For each digit, shift that digit left 1, and add the carry. The next digit on the output will be whatever fits into a hex char, and the carry will be set to the rest.

So if the digit is "F" (15), we shift left 1, and add the carry (0), to get 0x1E, the next digit in the output will be "E", and the carry is set to 0x1.

[czardas]

Floor() is a floating point function, and division (as you know from recent discussions) is also always floating point. Whenever you do either of those, AutoIt will assume you wanted to do maths with floats, and so do the conversion. 

 

To assume that Floor() means you want to do floating point maths seems horribly insane to me. Floor() always used to return a 32-bit integer - when within range. It took me a long time to get my head around these maths functions and what they do. The internal changes are really complicated, and updating all of my projects is a daunting prospect.

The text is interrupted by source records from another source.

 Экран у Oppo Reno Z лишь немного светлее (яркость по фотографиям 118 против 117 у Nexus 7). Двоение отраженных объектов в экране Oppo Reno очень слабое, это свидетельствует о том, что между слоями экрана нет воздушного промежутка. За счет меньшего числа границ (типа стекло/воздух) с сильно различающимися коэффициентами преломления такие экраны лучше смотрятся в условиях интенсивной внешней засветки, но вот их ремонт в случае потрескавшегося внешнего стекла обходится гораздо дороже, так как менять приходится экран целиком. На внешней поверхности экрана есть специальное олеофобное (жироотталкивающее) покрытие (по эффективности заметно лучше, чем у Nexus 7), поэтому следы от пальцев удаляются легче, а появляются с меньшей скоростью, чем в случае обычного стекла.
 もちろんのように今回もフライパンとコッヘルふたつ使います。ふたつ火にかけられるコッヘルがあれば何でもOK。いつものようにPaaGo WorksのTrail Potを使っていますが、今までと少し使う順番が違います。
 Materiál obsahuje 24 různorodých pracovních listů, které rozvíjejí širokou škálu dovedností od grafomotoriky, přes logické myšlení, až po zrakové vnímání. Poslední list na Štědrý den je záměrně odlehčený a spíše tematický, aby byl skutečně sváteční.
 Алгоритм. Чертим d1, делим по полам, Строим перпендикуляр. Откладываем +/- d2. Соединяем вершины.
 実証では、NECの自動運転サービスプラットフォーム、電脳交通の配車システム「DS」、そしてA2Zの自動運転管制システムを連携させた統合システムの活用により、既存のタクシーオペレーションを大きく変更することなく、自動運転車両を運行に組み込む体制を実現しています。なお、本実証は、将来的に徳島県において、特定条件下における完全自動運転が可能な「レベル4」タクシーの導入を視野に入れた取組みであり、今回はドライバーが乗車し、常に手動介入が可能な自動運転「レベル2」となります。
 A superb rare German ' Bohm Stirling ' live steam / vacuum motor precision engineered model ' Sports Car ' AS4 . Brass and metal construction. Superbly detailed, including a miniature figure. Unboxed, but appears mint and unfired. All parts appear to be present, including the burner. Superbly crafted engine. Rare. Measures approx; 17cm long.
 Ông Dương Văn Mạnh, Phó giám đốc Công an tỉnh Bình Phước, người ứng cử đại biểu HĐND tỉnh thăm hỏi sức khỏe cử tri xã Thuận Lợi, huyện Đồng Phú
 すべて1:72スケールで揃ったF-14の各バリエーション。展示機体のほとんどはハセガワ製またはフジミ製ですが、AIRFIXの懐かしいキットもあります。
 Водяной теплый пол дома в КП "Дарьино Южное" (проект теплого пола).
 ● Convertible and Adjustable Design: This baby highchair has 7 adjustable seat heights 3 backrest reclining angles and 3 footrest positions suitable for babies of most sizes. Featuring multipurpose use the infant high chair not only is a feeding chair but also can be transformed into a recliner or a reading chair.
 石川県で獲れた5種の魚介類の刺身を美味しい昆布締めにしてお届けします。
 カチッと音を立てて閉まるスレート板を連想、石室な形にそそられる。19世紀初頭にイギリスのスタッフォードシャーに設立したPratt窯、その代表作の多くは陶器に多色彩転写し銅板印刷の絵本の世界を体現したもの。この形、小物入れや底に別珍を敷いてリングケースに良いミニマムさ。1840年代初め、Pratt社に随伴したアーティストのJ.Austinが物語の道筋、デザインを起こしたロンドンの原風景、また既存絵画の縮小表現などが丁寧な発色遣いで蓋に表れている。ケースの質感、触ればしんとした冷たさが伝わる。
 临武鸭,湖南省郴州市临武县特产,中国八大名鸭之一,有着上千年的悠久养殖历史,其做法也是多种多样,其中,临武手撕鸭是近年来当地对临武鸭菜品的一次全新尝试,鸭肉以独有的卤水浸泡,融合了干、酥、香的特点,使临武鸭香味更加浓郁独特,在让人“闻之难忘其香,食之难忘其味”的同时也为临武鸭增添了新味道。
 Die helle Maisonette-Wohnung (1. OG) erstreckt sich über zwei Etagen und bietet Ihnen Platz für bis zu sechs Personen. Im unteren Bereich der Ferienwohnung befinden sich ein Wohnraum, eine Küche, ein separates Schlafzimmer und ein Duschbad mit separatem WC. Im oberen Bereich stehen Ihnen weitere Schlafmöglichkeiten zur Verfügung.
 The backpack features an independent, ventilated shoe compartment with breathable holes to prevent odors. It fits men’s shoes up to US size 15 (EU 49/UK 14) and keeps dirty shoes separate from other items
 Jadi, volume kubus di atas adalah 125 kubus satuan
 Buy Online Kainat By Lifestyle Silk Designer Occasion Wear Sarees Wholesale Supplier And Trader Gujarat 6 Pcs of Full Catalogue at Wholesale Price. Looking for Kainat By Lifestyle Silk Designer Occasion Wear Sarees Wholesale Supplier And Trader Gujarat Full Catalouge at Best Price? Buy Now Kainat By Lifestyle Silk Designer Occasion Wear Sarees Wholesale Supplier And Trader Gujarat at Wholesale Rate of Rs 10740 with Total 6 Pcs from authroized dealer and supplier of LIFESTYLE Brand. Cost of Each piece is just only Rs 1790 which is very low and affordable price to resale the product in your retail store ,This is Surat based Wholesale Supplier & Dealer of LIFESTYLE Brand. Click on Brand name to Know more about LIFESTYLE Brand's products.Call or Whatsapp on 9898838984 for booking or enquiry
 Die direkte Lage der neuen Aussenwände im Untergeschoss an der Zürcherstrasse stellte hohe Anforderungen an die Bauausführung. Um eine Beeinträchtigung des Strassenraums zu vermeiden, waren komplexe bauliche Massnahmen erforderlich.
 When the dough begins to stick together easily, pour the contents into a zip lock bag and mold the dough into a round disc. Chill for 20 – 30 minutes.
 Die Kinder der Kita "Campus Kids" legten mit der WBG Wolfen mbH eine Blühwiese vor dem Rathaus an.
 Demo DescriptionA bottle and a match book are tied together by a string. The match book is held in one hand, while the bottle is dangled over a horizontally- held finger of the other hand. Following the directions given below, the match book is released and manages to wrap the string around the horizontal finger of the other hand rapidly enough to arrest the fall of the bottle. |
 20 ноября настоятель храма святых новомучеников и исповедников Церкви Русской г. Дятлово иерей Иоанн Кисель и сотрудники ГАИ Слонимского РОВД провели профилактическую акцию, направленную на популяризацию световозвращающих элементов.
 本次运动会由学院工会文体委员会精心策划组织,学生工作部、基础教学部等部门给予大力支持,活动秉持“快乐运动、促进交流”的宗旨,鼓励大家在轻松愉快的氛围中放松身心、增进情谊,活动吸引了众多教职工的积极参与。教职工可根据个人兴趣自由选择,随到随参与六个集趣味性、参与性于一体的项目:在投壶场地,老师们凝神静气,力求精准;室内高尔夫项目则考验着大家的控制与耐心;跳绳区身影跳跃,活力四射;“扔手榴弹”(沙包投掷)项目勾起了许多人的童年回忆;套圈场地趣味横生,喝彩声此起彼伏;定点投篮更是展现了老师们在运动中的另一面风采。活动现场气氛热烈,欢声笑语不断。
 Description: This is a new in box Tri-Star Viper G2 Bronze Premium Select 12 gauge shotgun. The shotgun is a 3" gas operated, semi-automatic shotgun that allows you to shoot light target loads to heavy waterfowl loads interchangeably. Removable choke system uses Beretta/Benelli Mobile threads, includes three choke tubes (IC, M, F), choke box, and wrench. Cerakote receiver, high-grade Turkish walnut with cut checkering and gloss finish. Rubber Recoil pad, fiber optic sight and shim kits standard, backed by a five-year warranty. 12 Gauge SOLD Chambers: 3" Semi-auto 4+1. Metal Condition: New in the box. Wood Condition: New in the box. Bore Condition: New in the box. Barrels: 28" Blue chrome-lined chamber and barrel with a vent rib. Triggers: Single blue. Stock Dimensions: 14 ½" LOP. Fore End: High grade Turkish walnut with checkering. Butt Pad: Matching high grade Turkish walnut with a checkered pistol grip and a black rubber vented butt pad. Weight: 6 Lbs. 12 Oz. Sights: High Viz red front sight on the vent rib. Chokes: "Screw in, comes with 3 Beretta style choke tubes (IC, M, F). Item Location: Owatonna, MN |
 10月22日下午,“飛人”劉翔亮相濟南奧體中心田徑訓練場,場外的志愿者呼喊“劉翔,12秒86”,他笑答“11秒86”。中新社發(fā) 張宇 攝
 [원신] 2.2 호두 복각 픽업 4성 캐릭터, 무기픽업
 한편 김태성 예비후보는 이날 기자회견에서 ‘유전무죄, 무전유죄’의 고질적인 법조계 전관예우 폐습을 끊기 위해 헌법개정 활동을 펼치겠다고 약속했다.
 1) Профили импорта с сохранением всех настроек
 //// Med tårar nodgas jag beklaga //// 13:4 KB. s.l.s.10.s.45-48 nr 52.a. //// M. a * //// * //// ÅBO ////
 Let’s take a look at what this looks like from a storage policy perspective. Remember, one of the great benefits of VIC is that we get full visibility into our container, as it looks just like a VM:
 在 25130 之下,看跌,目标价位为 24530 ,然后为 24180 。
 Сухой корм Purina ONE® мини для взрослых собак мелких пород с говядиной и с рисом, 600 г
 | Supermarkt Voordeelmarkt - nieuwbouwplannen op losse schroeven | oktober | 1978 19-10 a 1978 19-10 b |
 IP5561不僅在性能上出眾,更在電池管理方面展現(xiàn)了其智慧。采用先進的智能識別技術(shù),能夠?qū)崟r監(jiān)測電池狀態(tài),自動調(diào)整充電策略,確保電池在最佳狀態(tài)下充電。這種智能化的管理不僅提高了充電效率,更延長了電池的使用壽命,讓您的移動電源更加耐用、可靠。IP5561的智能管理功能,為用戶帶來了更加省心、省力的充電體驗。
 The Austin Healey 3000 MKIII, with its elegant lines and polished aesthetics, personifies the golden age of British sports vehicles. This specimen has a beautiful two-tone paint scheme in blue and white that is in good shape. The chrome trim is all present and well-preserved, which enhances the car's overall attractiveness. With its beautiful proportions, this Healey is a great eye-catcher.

To better understand the code, consider what happens if it was only done in batches of 1.

 

Not unlike my original slow version, which was so educational for me having parsed it the way I did. I'm happy knowing the method is only four times slower than yours. With a few tweaks, 28-bit sections can be shifted (1 nibble has to be reserved) and the rejoining intersections parsed by one of the methods above. The difference should be quite minimal.

I understood the principle of your method Mat, but your variable names are a little vague. What is $cf? (Oh now I get it). I don't get where the logs come into play neither - but that's partly down to my lack of need to use logs, so I'm not accustomed to using them (although I understand the principle - we used log tables at school).   I ought to use them more often.

Please don't think I don't appreciate your input - it's educational. However I didn't think too deeply when I wrote this. I had intended to keep the code quite simple. You have demonstrated how it can be optimized.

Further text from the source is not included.